Metformin and Malignant Tumors: Not Over the Hill: A Short Comment [Letter]

Dear editor

I applaud Leng et al¹ for their brilliant review paper.

I, however, have some major comments. Having a glance over the reference list of sources cited, one acknowledges that the review synthesis suffers some problems. The authors have cited eight retrospective studies plus many systematic papers/meta-analyses, including some of the same retrospective studies, possibly leading to double bias. Retrospective studies may better fall within the scope of the third level of hierarchy of evidence,² but definitely are not the best evidence for mechanistic reviews.

Second, there are currently many published studies – easily accessible via online medical sources – from clinical trials, controlled clinical trials, and randomized Phase I and II studies on possible anticancer effect of metformin – which are not cited in this review paper by Leng et al.¹ One could certainly question whether the conclusions would have been the same if the authors had included results of these clinical trials, rather than retrospective analyses.

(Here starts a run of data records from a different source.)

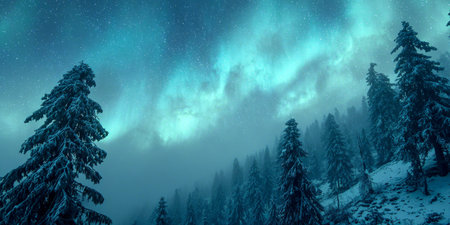 Discover the enchanting beauty of the northern lights illuminating a snowy pine forest, creating a breathtaking scene under a star-filled night sky.
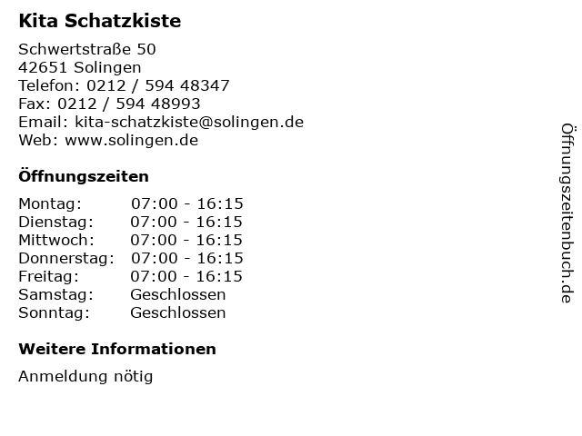 | Öffnungszeiten Kita Schatzkiste in Solingen anzeigen | |
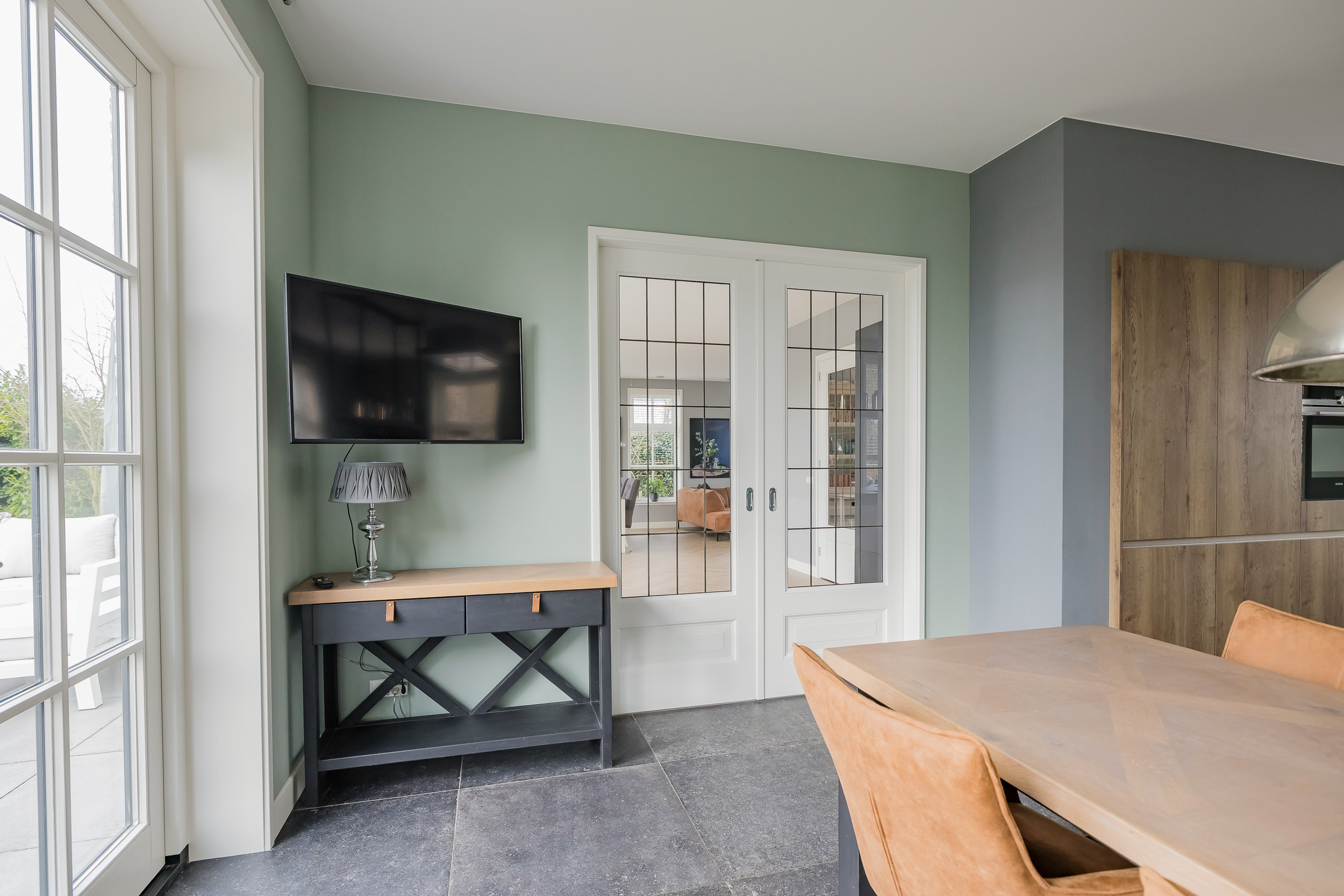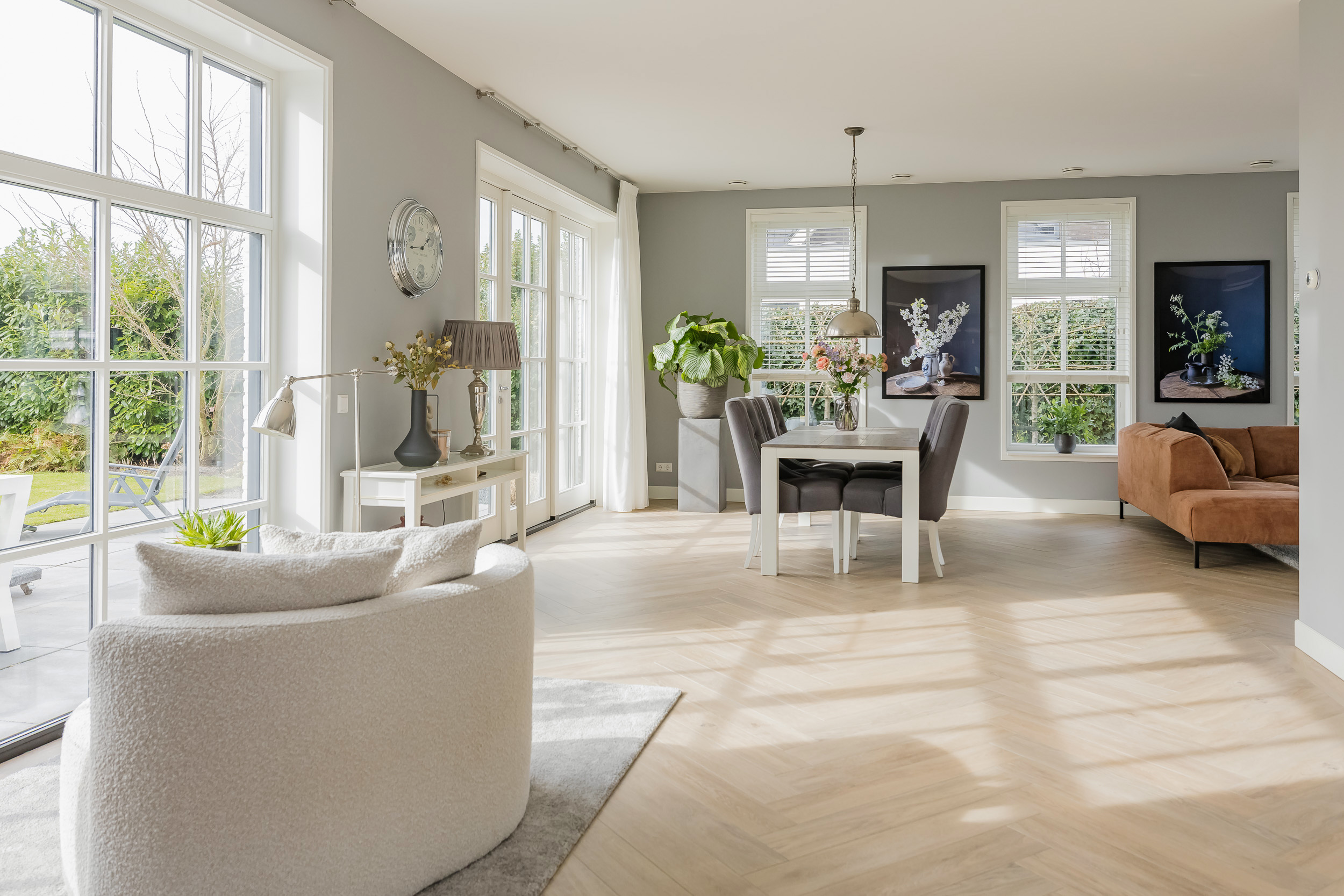 The living room is spacious and bright thanks to the large windows with white muntin bars and French doors leading to the terrace and the surrounding garden. The floor features stylish light wood flooring. At the rear, you can enjoy a fantastic unobstructed view of the bulb fields.
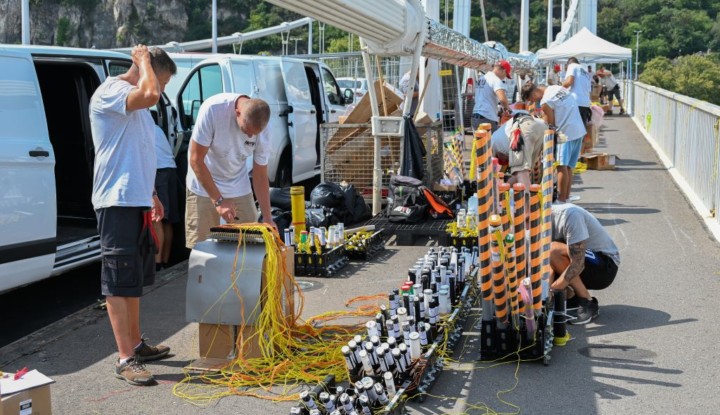 Címlapkép: Az augusztus 20-i tűzijáték pirotechnikai eszközeit telepítik a Nuvu Kft. szakemberei az Erzsébet hídon 2024. augusztus 18-án.

Third, the authors have discussed limited types of cancers and have left others unsolved. It would be an efficient strategy to revisit the main mechanisms of action of metformin in light of the emerging views on tumor heterogeneity. Most cancers/tumors share common pathologic pathways. It could be an efficient strategy if they could prepare a list of common tumorigenesis pathways in an attempt to facilitate generalization of metformin’s anticancer effect to other types of cancers. This might also facilitate the discovery of better preventive measures and therapeutic agents for the treatment/management of cancers and lead to better choice of first-line medicines in the treatment of diabetes.

Lastly, there are novel anticancer mechanisms of metformin (such as those that inhibit DNA replication machinery, suppression of cancer progression through calmodulin-like protein 3, aryl hydrocarbon receptor-interacting protein (AIP) silencing novel pathway, and cell cycle arrest at the G0/G1 phase, suppression of cell migration, and alteration of cytoskeleton distribution, just to mention a few) which are not mentioned within their updated review and could be easily found in online sources such as PubMed, Scopus, etc.

These comments apply not only to the review by Leng et al,¹ but more generally to all reviews and systematic reviews of metformin and its potential anticancer effects.

I suggest three feasible approaches to diminish/avoid such controversies and non-inclusive conclusions for future reviews:

(i) To select the best evidence in order to specifically answer mechanistic questions.

(i) Meta-analyzing causal mediation analysis of all related factors and data which combines evidence from multiple sources and improves power.³

(iii) To adjust for rescue treatment which complicates result interpretation in clinical trials,⁴ randomized clinical trials,⁵ longitudinal clinical trials and in failure-time settings with competing events by choosing appropriate estimands. For proper references, see statistics textbooks such as the Wiley Encyclopedia of Clinical Trials which is available online.

I hope that my short comment will open up further discussion, and maybe help Leng et al¹ to enrich their magnificent diagrams by including newly-discovered mechanisms and adding a list of common tumorigenesis pathways.